Круг друзей и знакомых Виктора Некрасова — Австралия
Нанина Николаевна Прахова
(в замужестве Алексеева)
С Наниной Праховой, потомком знаменитой династии искусствоведов и художников, Виктор Некрасов учился в Киеве в студии при Театре русской драмы. Часто бывал у нее дома со студийцами и режиссером студии Иваном Платоновичем Чужим. В то время Прахова жила с родителями по адресу Большая Житомирская, 40.
В 1938 году они вместе работали в труппе Театра Тихоокеанского флота во Владивостоке.

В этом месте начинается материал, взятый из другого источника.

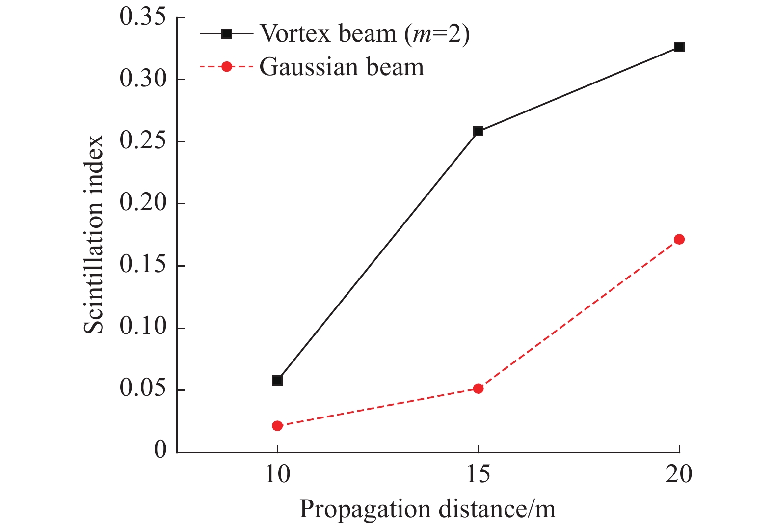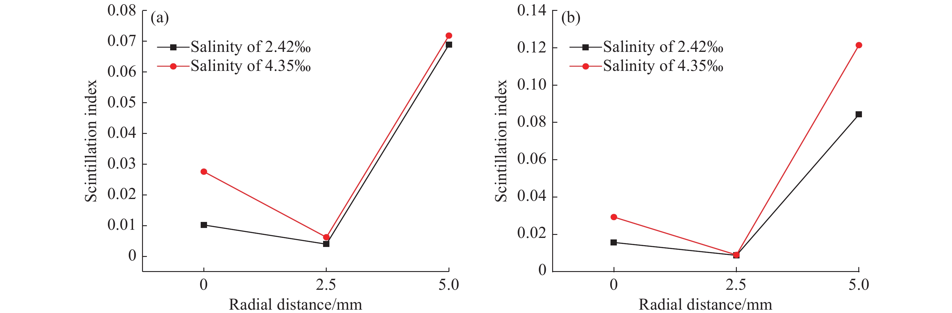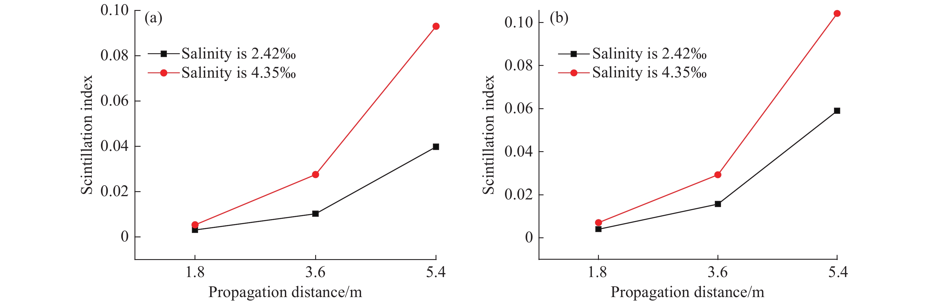 It is very important to study the propagation characteristics of light beams in ocean turbulence. In order to get closer to the actual situation, we build a device which can control both the salinity and the intensity of underwater turbulence to study the propagation characteristics of vortex beams and a Gaussian beam in underwater turbulence. The results show that compared with the underwater turbulence without sea salt, the light spot will be more diffuse and the light intensity will be weaker in the underwater turbulence with sea salt. When the topological charge m is 2, the scintillation index of the vortex beam in the underwater turbulence with salinity of 4.35‰ is larger than that in the underwater turbulence with salinity of 2.42‰, no matter it is strong turbulence or weak turbulence. When the vortex beam with m=2 propagates to the same distance, the scintillation index increases with the increment of the salinity and the intensity of underwater turbulence. Under different salinity conditions, the radial scintillation index of the vortex beam with m=2 decreases firstly and then increases with the increase of the radial distance. In addition, we set up another experimental device which can transmit a longer distance. The scintillation index of the vortex beam with m=2 is much higher than that of the Gaussian beam in the underwater turbulence within 20 m propagation distance, and the scintillation indices of both the vortex beam with m=2 and the Gaussian beam increase with the increase of the propagation distance.

Во время немецкой оккупации, Нанина была отправлена из Киева в Германию, а оттуда после войны перебралась в Австралию, где жила в городке Яидервиле, предместьи Перта.
В мае—июне 1980 года, будучи в Австралии, Виктор Некрасов побывал в гостях у Нанины Праховой (по мужу Алексеевой), о чем написал в своих записках «Из дальних странствий возвратясь… (Рим, Париж, Нью-Йорк, Камчатка, далее везде...)».
Мама Нанины, известная художница Анна Августовна Крюгер-Прахова в послевоенные годы написала портрет Виктора Некрасова.
Отрывок из записок Виктора Некрасова
«Из дальних странствий возвратясь…
(Рим, Париж, Нью-Йорк, Камчатка, далее везде...)»
(Часть 2, об Австралии)
<...>
О нем еще будет, об этом прославленном на весь мир пляже Уайкики, — запомнился он мне навсегда не только благодаря своим дощечкам, — сейчас же вернемся назад, в Австралию. И если не к самой миссис Кристисен, с которой расстались где-то на побережье Индийского океана (не сомневаюсь, что и она, нажми я на нее поэнергичнее, с неменьшей отвагой зашлепала бы на той дощечке), то к другой миссис, на противоположном конце материка, которая вправе обидеться на меня за неумеренные (на ее взгляд) славословия по адресу Нины Михайловны.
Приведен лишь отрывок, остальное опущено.